Poor man's map-reduce: 穷人的地图减少：

Use split to break the file up into as many pieces as you have CPUs. 使用split将文件分解为与CPU相同的多个部分。

Use batch to run your muncher in parallel. 使用批处理并行运行muncher。

Use cat to concatenate the results. 使用cat连接结果。

If you are I/O bound, the best way I have found to optimize is to read or write the entire file into/out of memory at once, then operate out of RAM from there on. 如果您受I / O限制，我发现优化的最佳方法是立即读取或写入整个文件进出内存，然后从那里开始运行RAM。

With extensive testing I found that my runtime eded up bound not by the amount of data I read from/wrote to disk, but by the number of I/O operations I used to do it. 通过广泛的测试，我发现我的运行时不是通过我从磁盘读取/写入的数据量，而是通过我用来执行它的I / O操作数量。 That is what you need to optimize. 这就是您需要优化的地方。

I don't know Python, but if there is a way to tell it to write the whole file out of RAM in one go, rather than issuing a separate I/O for each byte, that's what you need to do. 我不知道Python，但如果有办法告诉它一次性从RAM中写出整个文件，而不是为每个字节发出单独的I / O，那就是你需要做的。

Of course the drawback to this is that files can be considerably larger than available RAM. 当然，缺点是文件可能比可用的RAM大得多。 There are lots of ways to deal with that, but that is another question for another time. 有很多方法可以解决这个问题，但这是另一个问题。

Python already does IO buffering and the OS should handle both prefetching the input file and delaying writes until it needs the RAM for something else or just gets uneasy about having dirty data in RAM for too long. Python已经进行了IO缓冲，操作系统应该处理预取输入文件和延迟写入，直到它需要RAM来处理其他内容，或者只是对RAM中的脏数据持续太长时间感到不安。 Unless you force the OS to write them immediately, like closing the file after each write or opening the file in O_SYNC mode. 除非您强制操作系统立即写入它们，例如在每次写入后关闭文件或在O_SYNC模式下打开文件。

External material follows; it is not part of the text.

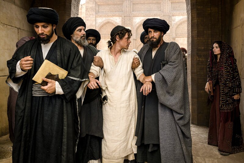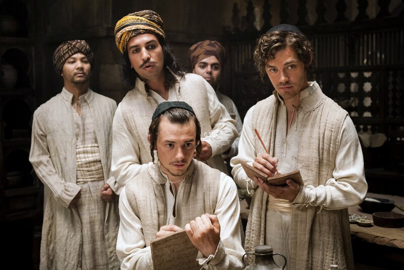 Der junge Rob Cole (Tom Payne, re.) studiert in Isfahan gemeinsam mit dem Perser Karim (Elyas M’Barek, 2. v. li.) und dem Juden Mirdin (Michael Marcus).

If the OS isn't doing the right thing, you can try raising the buffer size (third parameter to open() ). 如果操作系统没有做正确的事情，您可以尝试提高缓冲区大小（第三个参数为open() ）。 For some guidance on appropriate values given a 100MB/s 10ms latency IO system a 1MB IO size will result in approximately 50% latency overhead, while a 10MB IO size will result in 9% overhead. 对于适当值的一些指导，给定100MB / s 10ms延迟IO系统，1MB IO大小将导致大约50％的延迟开销，而10MB IO大小将导致9％的开销。 If its still IO bound, you probably just need more bandwidth. 如果它仍然是IO绑定，您可能只需要更多带宽。 Use your OS specific tools to check what kind of bandwidth you are getting to/from the disks. 使用特定于操作系统的工具来检查您从磁盘获取/从哪种带宽。

Also useful is to check if step 4 is taking a lot of time executing or waiting on IO. 同样有用的是检查步骤4是否花费了大量时间执行或等待IO。 If it's executing you'll need to spend more time checking which part is the culprit and optimize that, or split out the work to different processes. 如果它正在执行，你需要花更多的时间来检查哪个部分是罪魁祸首并对其进行优化，或者将工作分成不同的流程。

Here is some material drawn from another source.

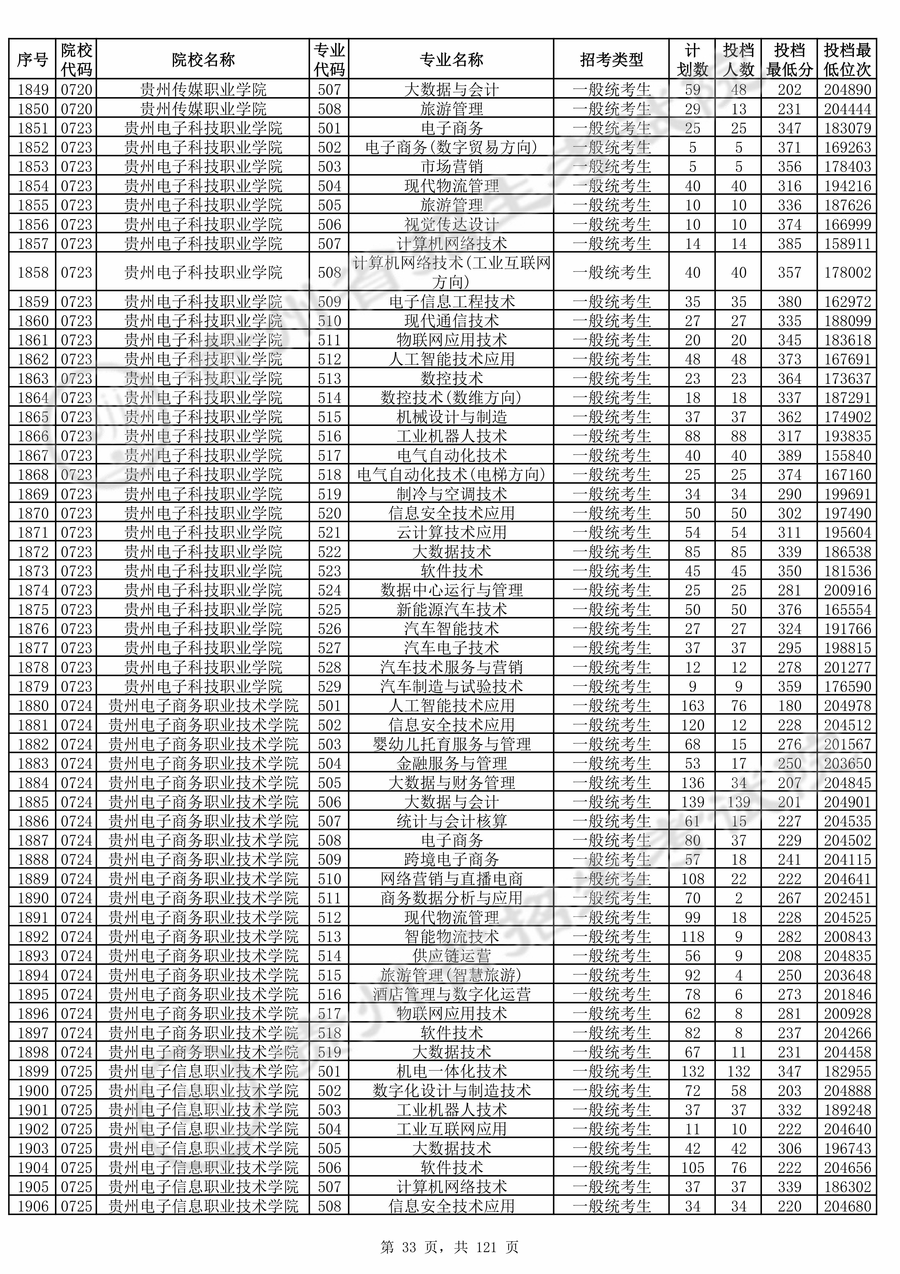 2025年贵州高考普通类高职(专科)批 贵州电子商务职业技术学院 的 大数据与会计 专业录取分数溯源信息

Can you use a ramdisk for step 4? 你可以在第4步使用ramdisk吗？ Low millions sounds doable if the rows are less than a couple of kB or so. 如果行小于几个KB左右，则数百万个声音可行。

Use buffered writes for step 4. 对第4步使用缓冲写入。

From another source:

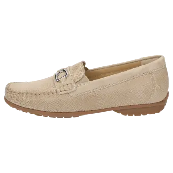 Im Inneren sorgt ein komfortables Wechselfussbett dafür, dass Sie bei Bedarf Ihre eigenen Einlagen nutzen können, um den Tragekomfort individuell anzupassen. Dieser Mokassin vereint modischen Stil mit Funktionalität und ist der perfekte Begleiter für all Ihre Freizeitaktivitäten.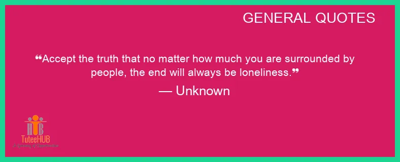 Accept the TRUTH that no matter how MUCH you are SURROUNDED by people, the end will ALWAYS be loneliness.

Write a simple function that simply appends the output onto a string, checks the string length, and only writes when you have enough which should be some multiple of 4k bytes. 编写一个简单的函数，只需将输出附加到字符串上，检查字符串长度，只有在有足够的时候写入，应该是4k字节的倍数。 I would say start with 32k buffers and time it. 我会说从32k缓冲区开始计时。

You would have one buffer per file, so that most "writes" won't actually hit the disk. 每个文件都有一个缓冲区，因此大多数“写入”实际上不会到达磁盘。

Isn't it possible to collect a few thousand rows in ram, then go directly to the database server and execute them? 是不是可以在ram中收集几千行，然后直接进入数据库服务器并执行它们？

This would remove the save to and load from the disk that step 4 entails. 这将删除步骤4所需的磁盘保存和加载。

If the database server is transactional, this is also a safe way to do it - just have the database begin before your first row and commit after the last. 如果数据库服务器是事务性的，这也是一种安全的方法 - 只需让数据库在第一行之前开始并在最后一行之后提交。

The first thing is to be certain of what you should optimize. 首先要确定你应该优化什么。 You seem to not know precisely where your time is going. 你似乎不知道你的时间到底在哪里。 Before spending more time wondering, use a performance profiler to see exactly where the time is going. 在花费更多时间思考之前，请使用性能分析器来确切了解时间的变化。

http://docs.python.org/library/profile.html http://docs.python.org/library/profile.html

When you know exactly where the time is going, you'll be in a better position to know where to spend your time optimizing. 当您确切知道时间的去向时，您将能够更好地了解在何处花时间进行优化。